One thing that this piece forgot to include is power requirements or especially power bills.

Lets say I have a midrange gaming desktop with Ryzen 3700x, 2 Dimms of ram, 5700xt or 2060 super, a single M.2 Nvme Ssd plus a regular sata HD, mid range mobo along with budget gaming 24" Lcd monitor and you're looking at 400-400W load wattage. Compared to that, most laptop gaming on your review usually at 120-150W on the Witcher or max 200W on burn test.

If you are using your Pc 16 hours per day with 3-5 hours of that for gaming, that difference of wattage used will add quite a bit. I'm a bit focused about this because ever since the pandemic, my power bill rose quite a bit thanks to WFH and most of my friends also complaining about this.  :D

Vaidyanathan

Quote from: Rhein7 on August 19, 2020, 06:40:41
One thing that this piece forgot to include is power requirements or especially power bills.

Lets say I have a midrange gaming desktop with Ryzen 3700x, 2 Dimms of ram, 5700xt or 2060 super, a single M.2 Nvme Ssd plus a regular sata HD, mid range mobo along with budget gaming 24" Lcd monitor and you're looking at 400-400W load wattage. Compared to that, most laptop gaming on your review usually at 120-150W on the Witcher or max 200W on burn test.

If you are using your Pc 16 hours per day with 3-5 hours of that for gaming, that difference of wattage used will add quite a bit.
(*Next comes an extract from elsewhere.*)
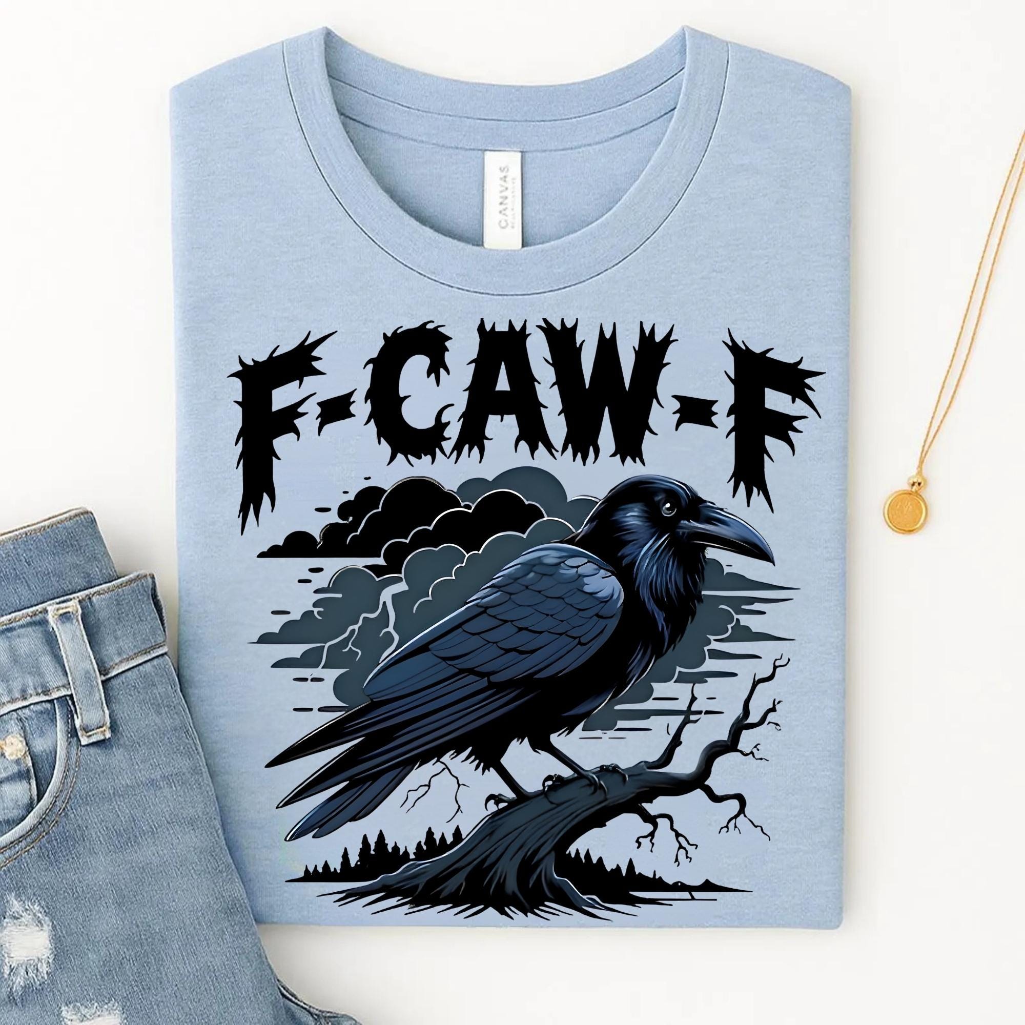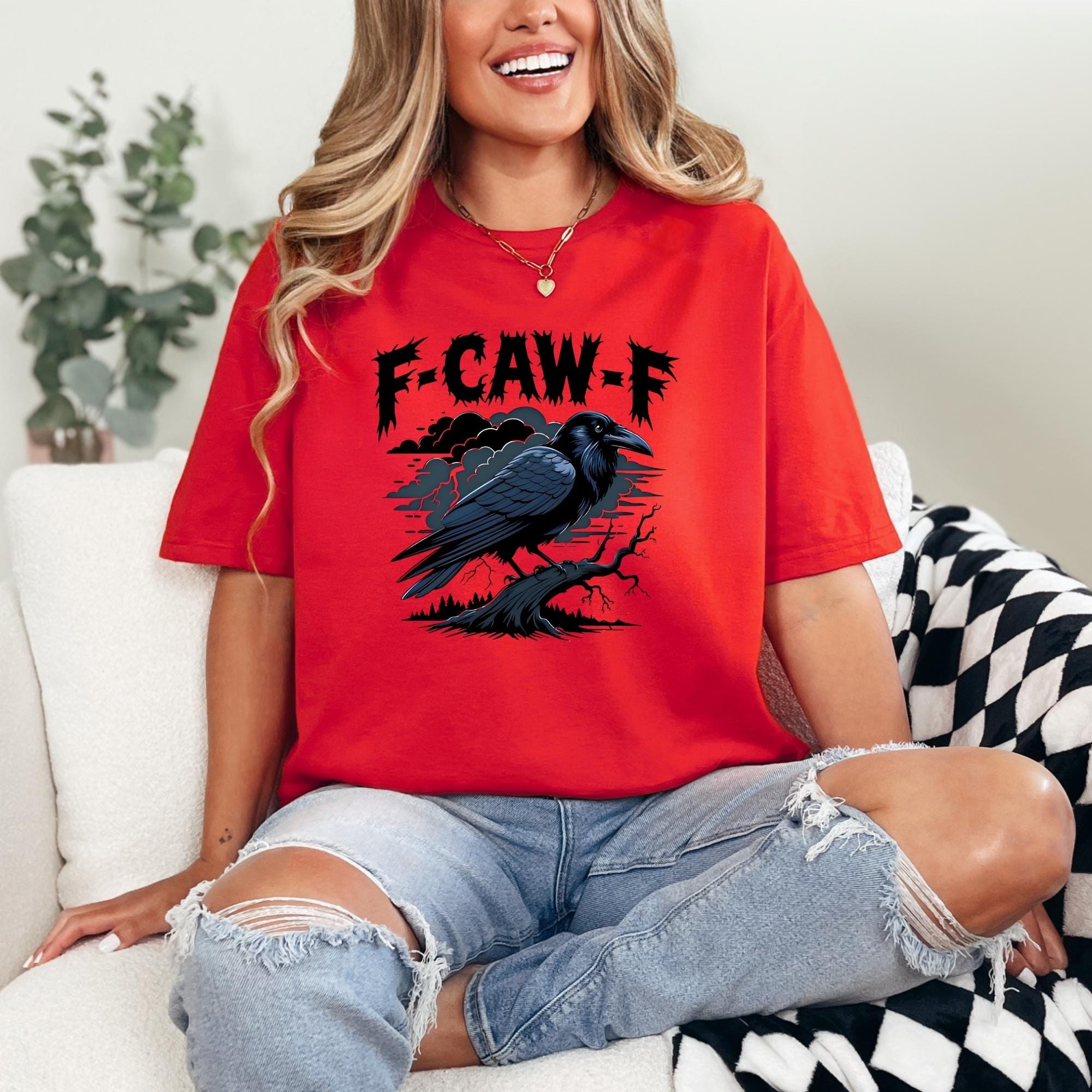 F-Caw-F Funny Crow Shirt, Black Crow Moonlit Raven Unisex T-shirt, Funny Sassy Raven Lover Gift, Autumn Style, Nature-Inspired, Raven Tshirt

I'm a bit focused about this because ever since the pandemic, my power bill rose quite a bit thanks to WFH and most of my friends also complaining about this.  :D

Good point. Though I do mention that notebooks can get away with less GPU power consumption and switch to iGPU when not needed. :)
If you do go for one of the more powerful DTRs, you will end up using two power bricks totaling 460 W+ if you use the GPU and CPU to the fullest.